In our previous example, where we hate our thumbs, 10 means 'nine'.

FINE, you say, BUT WHAT IF YOU HAD 16 FINGERS? Well, just like we made up symbols to represent numerals bigger than ||||, we can make up more symbols. We could just do, ... 8 9 | + X. But instead of a contrived example, I'll just reveal that modern convention uses the letters A-F to represent ten through fifteen.

1 2 3 4 5 6 7 8 9 A B C D E F whatcomesnextquickyouknowitalreadytoolateI'mjustgonnatellyou 10

Look at that. I've just, in an incredibly long and convoluted manner, taught you hexadecimal. Or, in english, sixatennish. Maybe 'base 16' is better. And we've seen base 5 and base 9 counting systems.

So. Let's take this all the way in the other direction. Let's say we're a little bit slow, and we only ever learned two numerals: '0' and '1'. But somehow we're still smart enough to count to numbers greater than one. What does that look like?


Recognize that? That there is binary, sonny. I remember back in ought six, well, we didn't have the numeral six back then, so it was ought one one ought...

Tune in next time when we link binary to hexawhatsitall, then look at what that means for integers on computers.

1 response
(this is Zach from Rob's lab)

This explanation is much better than the high school one where they just define binary numbers as 2^(n) + 2^(n-1) + ... + 2^1 + 2^0.

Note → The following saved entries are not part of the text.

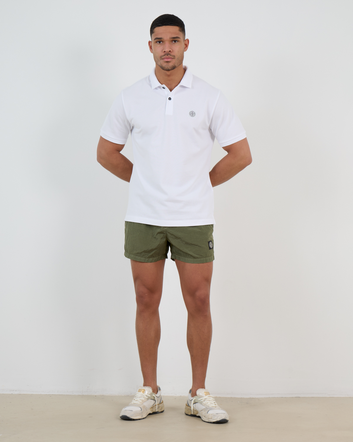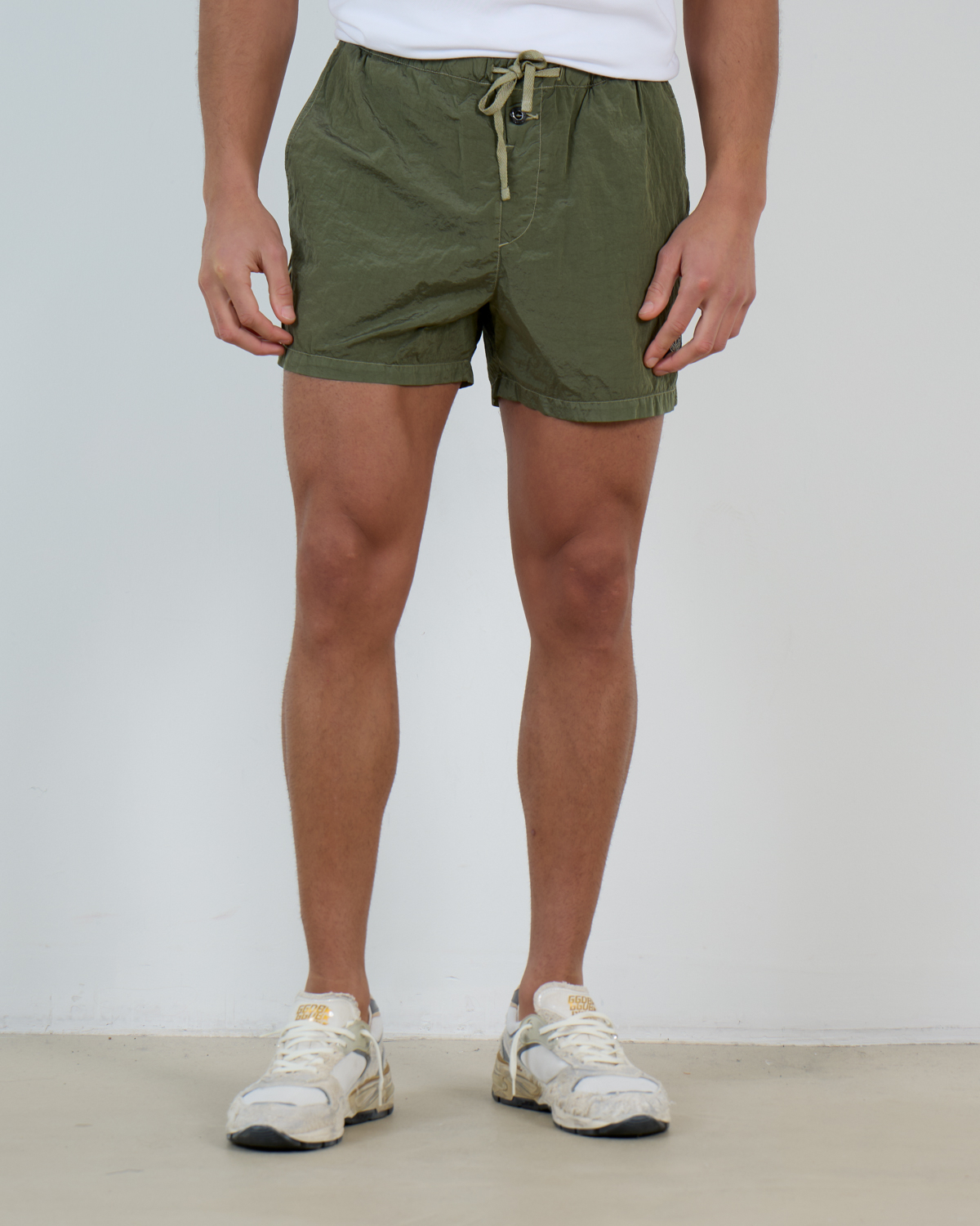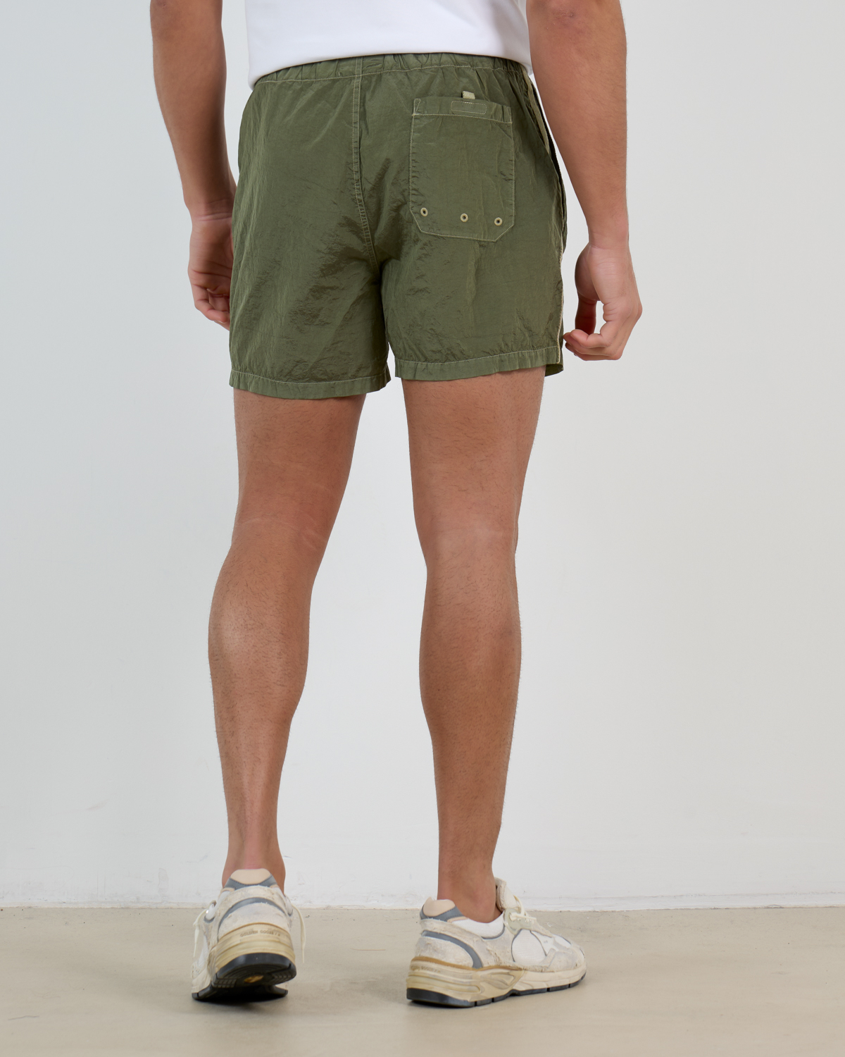 Draag deze zwemshort met een wit overhemd of polo voor een klassieke zomerlook, of combineer met een linnen shirt voor een ontspannen strandstijl. De neutrale groene kleur past uitstekend bij witte sneakers of espadrilles.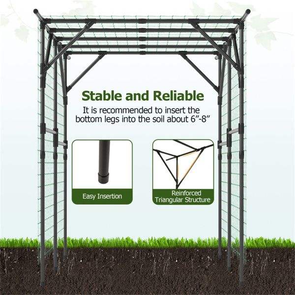 Arco de jardín de metal grande de 79"x59"x78" con revestimiento de PE, resistente al óxido, para enredaderas trepadoras y soporte de plantas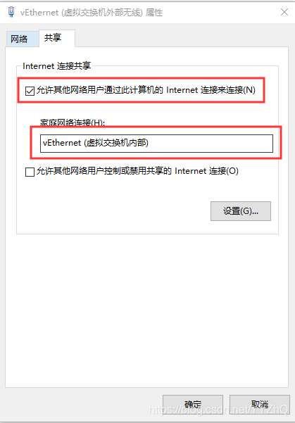 勾选允许其他网络用户通过此计算机的Internet连接来连接(N),在家庭网络连接中,选择刚刚创建的内部网络vEthernet,点击确定,会弹出提示框,提示共享的网络连接会设置IP为192.168.137.1,不用理会,点击确定。
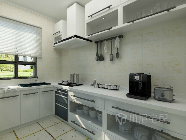 廚房全用白的櫥柜組合,視覺(jué)上顯得寬闊敞亮, 功能齊全。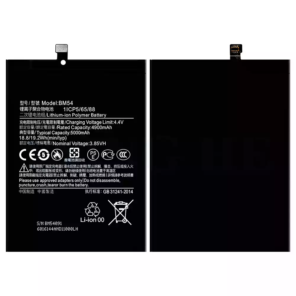 Battery model BM54 for Xiaomi Redmi Note 9 5G / Redmi Note 9T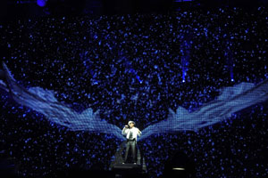 華仔昨晚除了載歌載舞,間中還穿插魔術(shù)秀、音樂劇等,其中音樂劇環(huán)節(jié),他就找來2位辣妹dancers共舞,左擁右抱,又貼身熱舞,又緊緊抱在一起;魔術(shù)秀環(huán)節(jié),還認(rèn)女助手為“女朋友”,羨煞現(xiàn)場(chǎng)所有女歌迷!

Have you shown this to anyone who doesn't know anything about the topic? I really like it, but I also knew where you were heading from the beginning. I really liked the foreign key post (which I was less familiar with, aside from knowing what a foreign key was) as well, but Rob said that he had a little trouble following it.

My guess is that it stems from your use of so many analogies. I always think like this, so I love this kind of explanation, but I could see someone becoming totally lost if they can't make the connection early on.